4. Denial of Service

  • Risk: Maliciously crafted KV vectors could cause slow quantization
  • Mitigation: Fixed iteration count in Lloyd-Max search
  • Status: Bounded

5. Side Channels

  • Risk: Timing differences in quantization could leak information
  • Mitigation: Constant-time implementation needed
  • Status: Not implemented

Dependencies

Build Dependencies

  • CMake: Build system
  • Metal SDK: GPU shaders (macOS)
  • C++17: Language standard

Runtime Dependencies

  • Apple Silicon: M1/M2/M3/M4
  • macOS: Metal GPU support
  • llama.cpp: Inference engine (forked)

External References

Deployment

Build

cd llama-cpp-turboquant
git checkout feature/turboquant-kv-cache
cmake -B build -DGGML_METAL=ON -DCMAKE_BUILD_TYPE=Release
cmake --build build -j$(sysctl -n hw.ncpu)

Run

export TURBO_LAYER_ADAPTIVE=7
./build/bin/llama-server \
  -m /path/to/model.gguf \
  --port 11434 \
  -ctk turbo4 -ctv turbo4 \
  -c 131072

Validate

curl http://localhost:11434/v1/chat/completions \
  -H "Content-Type: application/json" \
  -d '{"model":"qwen3.5","messages":[{"role":"user","content":"hello"}]}'

Open Questions

  1. QJL Status: Infrastructure exists but is disabled.
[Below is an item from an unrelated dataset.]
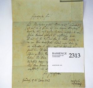 Eichendorff, Joseph Frhr von, Dichter und hoher preußischer Staatsbeamter, Hauptvertreter der dt. Spätromantik, dessen Gedichte zahlreiche Vertonungen erfuhren (1788-1857). Eigh. Brief m. U. "v Eichendorff". 1 S. Doppelblatt mit Adresse und Lacksiegel. Gr. 4to. Graudenz 12.X.1843.

When will it be needed?
  2. Upstream Landing: When will TurboQuant be merged into llama.cpp mainline?
  3. Quality Threshold: What PPL delta is acceptable for production use?
  4. Multi-GPU: Does TurboQuant work with tensor parallelism?

Changelog

  • 2026-03-30: Phase 1 complete. PolarQuant MVP verified. 73% KV savings confirmed.
  • 2026-04-14: GENOME.md generated. Test gaps identified. Security considerations documented.